→ Information provided:
BEGIN

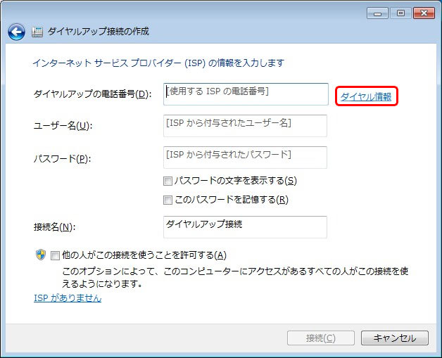 [インターネット サービス プロバイダー(ISP)の情報を入力します]が表示されますので、まず、画面右側上部にある[ダイヤル情報]をクリックし、所在地の設定を行います。
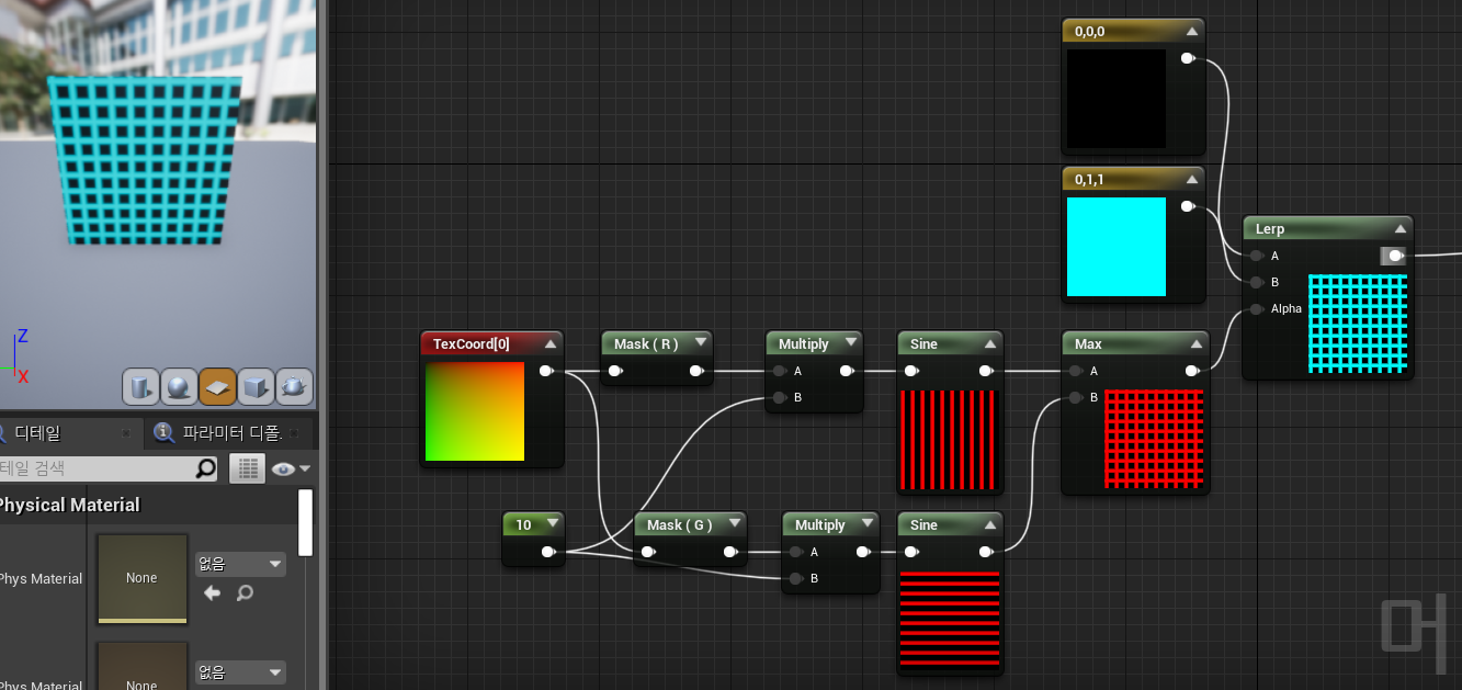 max를 이용하여 두 줄무늬를 합쳐주고, 만든 패턴을 알파값에 적용한후 선형보간하여(lerp) 울타리 패턴의 텍스쳐 틀을 제작합니다.
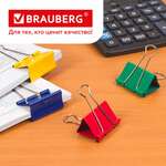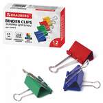 Зажимы для бумаг BRAUBERG, КОМПЛЕКТ 12 шт., 51 мм, на 230 листов, цветные, картонная коробка, 224474
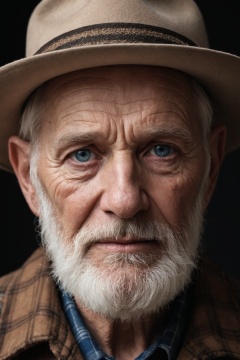 Hyperrealistic fine art photography, film photography aesthetic, dark background emphasizing facial features, intense close-up portrait of an elderly man with piercing blue eyes, weathered skin, pronounced wrinkles, white full beard, stern expression, wearing a brown felt hat and plaid shirt with visible collar, natural lighting accentuating skin texture, high contrast and sharp detail, emphasis on character and emotion, vibrant, whimsical

END

→ Required work:
Copy the data in full. No pictures belong in the copy.

→ Response area:
 [インターネット サービス プロバイダー(ISP)の情報を入力します]が表示されますので、まず、画面右側上部にある[ダイヤル情報]をクリックし、所在地の設定を行います。
 max를 이용하여 두 줄무늬를 합쳐주고, 만든 패턴을 알파값에 적용한후 선형보간하여(lerp) 울타리 패턴의 텍스쳐 틀을 제작합니다.
 Зажимы для бумаг BRAUBERG, КОМПЛЕКТ 12 шт., 51 мм, на 230 листов, цветные, картонная коробка, 224474
 Hyperrealistic fine art photography, film photography aesthetic, dark background emphasizing facial features, intense close-up portrait of an elderly man with piercing blue eyes, weathered skin, pronounced wrinkles, white full beard, stern expression, wearing a brown felt hat and plaid shirt with visible collar, natural lighting accentuating skin texture, high contrast and sharp detail, emphasis on character and emotion, vibrant, whimsical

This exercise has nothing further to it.